Although slight variations in loudness and timbre, or tone colour, can be obtained by differences in the firmness with which the harpsichordist depresses the keys, no sustained crescendos are obtainable by the action of the fingers alone. For this reason, most harpsichords made since about 1550 have had at least two strings and two jacks for each key. Each can be engaged or disengaged at will by a slight shift of the uppermost of two slotted guides through which the jacks pass. Moving the guide in one direction brings its entire row of jacks close enough to the strings for the plectra to pluck them; moving the guide in the opposite direction takes the jacks far enough from the strings so that the plectra cannot reach them. Two rows of jacks can provide three different levels of loudness or three differing tone colours, depending on whether the performer uses each row separately or both together.

Two-manual instruments

Even given two rows of jacks, it would not ordinarily be possible to produce the rapid changes in loudness required for pieces in echo style, for example, or to play loudly with one hand while providing a soft accompaniment with the other. To accomplish this, it is necessary to have two keyboards or “manuals,” one of which operates a single row of jacks while the other operates two or more. It then becomes possible to play loudly on one keyboard and softly on the other, either simultaneously or in rapid alternation. Two-manual harpsichords of this kind were invented at some point before 1620 in Flanders and gradually became known throughout the rest of Europe during the 17th century. These instruments commonly had three sets of strings, two unison sets at normal pitch (called eight-foot pitch because the low C at this pitch is produced by an organ pipe eight feet long) and a third set of shorter strings tuned an octave higher, or at four-foot pitch; this shorter set passed over its own bridge and was fastened to pins driven through the soundboard into a rail fixed to its underside. There were three rows of jacks. The front row plucked one set of unison strings and was made in such a way that it would be moved by the keys of both the upper and the lower keyboards. Both the middle and back rows operated from the lower manual only; the second row plucked the second set of unison strings, and the back row plucked the octave strings. For most purposes a one-manual harpsichord sufficed: each row of jacks provided a continuously changing tone colour from one end of the keyboard to the other, permitting individual lines in the music to be articulated clearly. For this reason, as well as because of their lower price, the old harpsichord makers built far more single-manual instruments than doubles, and many more singles survive today.

Couplers

There is, however, one type of music that can only be played on a two-manual instrument. Called in French the pièce croisée, this kind of music involves separate lines that cross and recross in the same range, frequently employing the same note either simultaneously or in close succession. The parts in such pieces cannot be distinguished when played on a single manual, and they cannot even be played on two manuals if the manuals are not completely independent. (For example, if a note is already being held on the lower manual, it cannot be restruck on the upper manual when the lower manual lifts the upper-manual jacks.) The solution to this problem was found in France in the 1640s. Instead of providing the upper-manual jacks with an extension that reached down to the keys of the lower manual, they were made to rest entirely on the upper-manual keys; the lower-manual keys were then fitted with small upright pieces of wood called coupler dogs, which reached upward toward the underside of the upper-manual keys. The upper manual was constructed to slide forward and back by about 1/4 inch. When it was pushed into the instrument, the coupler dogs were positioned below the back ends of upper-manual keys. As a result, when any lower-manual key was pushed down and its back end rose, the coupler dog would push up on the underside of the corresponding upper-manual key, lifting its jack as well. When one wished to uncouple the two keyboards in order to play pièces croisées, one could do so by pulling the upper manual outward. The coupler dogs then passed slightly beyond the ends of the upper-manual keys, so that they were not lifted when the lower-manual keys were depressed.

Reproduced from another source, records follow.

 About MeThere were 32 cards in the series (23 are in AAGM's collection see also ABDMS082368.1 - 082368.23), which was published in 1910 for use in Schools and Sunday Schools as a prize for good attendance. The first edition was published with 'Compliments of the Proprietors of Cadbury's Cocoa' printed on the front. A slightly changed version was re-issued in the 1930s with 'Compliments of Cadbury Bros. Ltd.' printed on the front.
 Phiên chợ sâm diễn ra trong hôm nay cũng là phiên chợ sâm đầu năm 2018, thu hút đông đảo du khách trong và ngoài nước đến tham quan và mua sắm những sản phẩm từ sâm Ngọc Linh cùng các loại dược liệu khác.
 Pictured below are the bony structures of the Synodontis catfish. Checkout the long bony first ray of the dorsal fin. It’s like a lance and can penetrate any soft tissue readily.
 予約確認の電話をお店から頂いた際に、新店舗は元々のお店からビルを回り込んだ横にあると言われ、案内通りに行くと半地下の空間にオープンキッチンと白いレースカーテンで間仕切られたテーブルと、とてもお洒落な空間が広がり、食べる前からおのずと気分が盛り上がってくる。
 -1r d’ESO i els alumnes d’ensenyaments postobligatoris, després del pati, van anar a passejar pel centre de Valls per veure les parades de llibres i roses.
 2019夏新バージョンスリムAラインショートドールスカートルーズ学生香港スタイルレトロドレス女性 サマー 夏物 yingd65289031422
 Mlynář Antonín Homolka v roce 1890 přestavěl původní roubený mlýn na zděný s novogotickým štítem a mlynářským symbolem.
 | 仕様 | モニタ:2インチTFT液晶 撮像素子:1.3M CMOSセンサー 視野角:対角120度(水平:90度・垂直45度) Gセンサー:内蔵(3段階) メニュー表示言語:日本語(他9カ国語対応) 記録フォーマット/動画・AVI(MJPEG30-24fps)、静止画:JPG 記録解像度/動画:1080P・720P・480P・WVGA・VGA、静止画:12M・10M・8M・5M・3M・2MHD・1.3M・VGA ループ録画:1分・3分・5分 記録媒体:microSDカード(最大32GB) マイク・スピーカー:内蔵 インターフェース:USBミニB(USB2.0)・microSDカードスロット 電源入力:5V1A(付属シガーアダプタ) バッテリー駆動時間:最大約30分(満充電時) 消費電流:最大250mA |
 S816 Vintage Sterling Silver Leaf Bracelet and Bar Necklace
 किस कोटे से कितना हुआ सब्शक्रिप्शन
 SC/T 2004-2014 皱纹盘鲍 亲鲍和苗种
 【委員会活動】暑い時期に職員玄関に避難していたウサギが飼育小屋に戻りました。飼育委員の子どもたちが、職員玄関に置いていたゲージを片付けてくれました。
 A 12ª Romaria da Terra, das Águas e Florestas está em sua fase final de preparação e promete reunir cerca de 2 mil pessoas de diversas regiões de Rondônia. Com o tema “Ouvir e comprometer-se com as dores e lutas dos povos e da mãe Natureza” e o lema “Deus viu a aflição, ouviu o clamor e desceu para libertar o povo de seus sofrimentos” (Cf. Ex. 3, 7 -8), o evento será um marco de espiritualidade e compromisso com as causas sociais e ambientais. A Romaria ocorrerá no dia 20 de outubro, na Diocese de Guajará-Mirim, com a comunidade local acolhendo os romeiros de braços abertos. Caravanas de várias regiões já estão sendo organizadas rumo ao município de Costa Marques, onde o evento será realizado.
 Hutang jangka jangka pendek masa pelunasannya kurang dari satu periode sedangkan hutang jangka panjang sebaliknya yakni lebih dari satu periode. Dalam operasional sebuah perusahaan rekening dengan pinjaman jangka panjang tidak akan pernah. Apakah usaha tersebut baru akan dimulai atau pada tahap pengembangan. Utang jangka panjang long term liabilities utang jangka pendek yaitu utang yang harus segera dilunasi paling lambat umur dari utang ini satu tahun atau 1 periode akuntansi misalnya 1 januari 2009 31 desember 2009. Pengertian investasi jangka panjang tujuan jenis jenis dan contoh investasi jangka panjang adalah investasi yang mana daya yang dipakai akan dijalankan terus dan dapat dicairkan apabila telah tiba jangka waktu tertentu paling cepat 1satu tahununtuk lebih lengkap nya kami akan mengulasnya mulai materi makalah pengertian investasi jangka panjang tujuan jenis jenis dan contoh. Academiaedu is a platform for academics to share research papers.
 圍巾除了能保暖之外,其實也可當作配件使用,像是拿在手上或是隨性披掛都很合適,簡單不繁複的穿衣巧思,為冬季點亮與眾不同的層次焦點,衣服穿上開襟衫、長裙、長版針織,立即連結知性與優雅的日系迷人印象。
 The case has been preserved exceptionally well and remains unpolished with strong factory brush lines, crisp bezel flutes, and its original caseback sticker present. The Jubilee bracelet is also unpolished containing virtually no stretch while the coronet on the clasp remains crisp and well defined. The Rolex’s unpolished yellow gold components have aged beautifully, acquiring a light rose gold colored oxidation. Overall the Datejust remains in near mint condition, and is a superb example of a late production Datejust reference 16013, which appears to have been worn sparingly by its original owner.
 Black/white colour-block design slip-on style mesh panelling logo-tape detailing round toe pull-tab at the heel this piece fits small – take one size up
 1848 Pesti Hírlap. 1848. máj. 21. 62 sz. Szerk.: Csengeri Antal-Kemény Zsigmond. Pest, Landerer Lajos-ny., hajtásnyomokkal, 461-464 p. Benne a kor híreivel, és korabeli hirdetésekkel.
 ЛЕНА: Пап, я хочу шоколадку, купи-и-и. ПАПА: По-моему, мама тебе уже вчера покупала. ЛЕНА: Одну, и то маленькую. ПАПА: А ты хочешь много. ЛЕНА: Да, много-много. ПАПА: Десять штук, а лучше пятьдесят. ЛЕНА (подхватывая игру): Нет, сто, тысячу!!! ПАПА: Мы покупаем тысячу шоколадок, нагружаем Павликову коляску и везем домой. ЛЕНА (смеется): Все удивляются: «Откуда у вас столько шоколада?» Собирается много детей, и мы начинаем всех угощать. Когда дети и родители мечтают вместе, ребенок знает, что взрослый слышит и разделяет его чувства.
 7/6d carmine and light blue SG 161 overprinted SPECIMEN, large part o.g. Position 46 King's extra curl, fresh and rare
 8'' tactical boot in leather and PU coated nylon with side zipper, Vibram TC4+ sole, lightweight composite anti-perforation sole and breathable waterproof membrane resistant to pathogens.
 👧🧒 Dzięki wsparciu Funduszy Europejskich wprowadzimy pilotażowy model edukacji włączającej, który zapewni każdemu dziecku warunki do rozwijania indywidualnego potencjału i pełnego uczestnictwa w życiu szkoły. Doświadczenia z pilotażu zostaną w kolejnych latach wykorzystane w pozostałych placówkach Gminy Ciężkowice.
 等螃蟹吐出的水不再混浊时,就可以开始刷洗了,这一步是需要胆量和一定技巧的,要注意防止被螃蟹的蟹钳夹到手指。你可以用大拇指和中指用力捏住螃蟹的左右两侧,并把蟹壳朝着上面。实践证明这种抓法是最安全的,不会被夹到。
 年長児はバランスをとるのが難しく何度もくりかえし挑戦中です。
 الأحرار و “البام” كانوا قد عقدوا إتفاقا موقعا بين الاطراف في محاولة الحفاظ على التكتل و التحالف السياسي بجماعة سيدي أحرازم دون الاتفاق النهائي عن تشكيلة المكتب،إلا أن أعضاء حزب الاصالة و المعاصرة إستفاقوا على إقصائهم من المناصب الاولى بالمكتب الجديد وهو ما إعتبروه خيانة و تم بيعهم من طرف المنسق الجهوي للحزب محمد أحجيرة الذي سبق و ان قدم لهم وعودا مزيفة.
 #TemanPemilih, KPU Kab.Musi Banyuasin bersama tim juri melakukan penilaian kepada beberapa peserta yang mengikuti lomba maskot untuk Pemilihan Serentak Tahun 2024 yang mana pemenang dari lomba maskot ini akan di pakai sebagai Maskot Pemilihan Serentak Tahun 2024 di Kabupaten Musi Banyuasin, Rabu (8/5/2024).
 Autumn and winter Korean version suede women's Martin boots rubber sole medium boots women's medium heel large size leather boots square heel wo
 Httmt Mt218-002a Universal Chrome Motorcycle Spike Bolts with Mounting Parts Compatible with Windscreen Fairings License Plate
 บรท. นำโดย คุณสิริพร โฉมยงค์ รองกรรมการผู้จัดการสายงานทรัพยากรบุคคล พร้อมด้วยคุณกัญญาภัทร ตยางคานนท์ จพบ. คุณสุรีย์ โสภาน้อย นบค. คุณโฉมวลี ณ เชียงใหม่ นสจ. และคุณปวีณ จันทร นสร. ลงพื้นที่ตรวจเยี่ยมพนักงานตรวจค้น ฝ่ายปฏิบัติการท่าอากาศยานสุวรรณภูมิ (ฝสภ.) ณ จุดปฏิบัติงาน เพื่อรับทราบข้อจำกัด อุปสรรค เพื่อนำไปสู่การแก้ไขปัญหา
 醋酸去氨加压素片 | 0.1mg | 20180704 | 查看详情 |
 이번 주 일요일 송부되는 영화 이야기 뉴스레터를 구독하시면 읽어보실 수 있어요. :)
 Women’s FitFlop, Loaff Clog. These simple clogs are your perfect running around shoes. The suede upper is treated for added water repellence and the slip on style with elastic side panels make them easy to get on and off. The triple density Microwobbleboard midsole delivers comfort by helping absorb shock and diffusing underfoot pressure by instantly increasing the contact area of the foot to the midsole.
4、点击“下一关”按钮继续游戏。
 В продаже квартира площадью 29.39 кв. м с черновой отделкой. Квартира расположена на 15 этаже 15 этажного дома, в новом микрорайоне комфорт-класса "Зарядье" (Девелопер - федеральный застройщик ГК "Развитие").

Two-manual harpsichords of this kind permit players to exploit the difference in the tone colours produced by the two rows, or “registers,” of unison jacks. This difference depends on the distance along the string at which it is plucked. The closer the plucking point is to the end of a string, the brighter is the sound; the farther away from the end that a string is plucked, the fuller and rounder the tone becomes, until one approaches the centre; plucking near the centre of a string produces a sweet, flutey, but somewhat hollow sound. In order to emphasize the difference in tone colours produced by the two rows of unison jacks, French harpsichord builders put the row of octave jacks between them, thereby increasing the distance between the two unison plucking points and the difference in tone of the two unison registers.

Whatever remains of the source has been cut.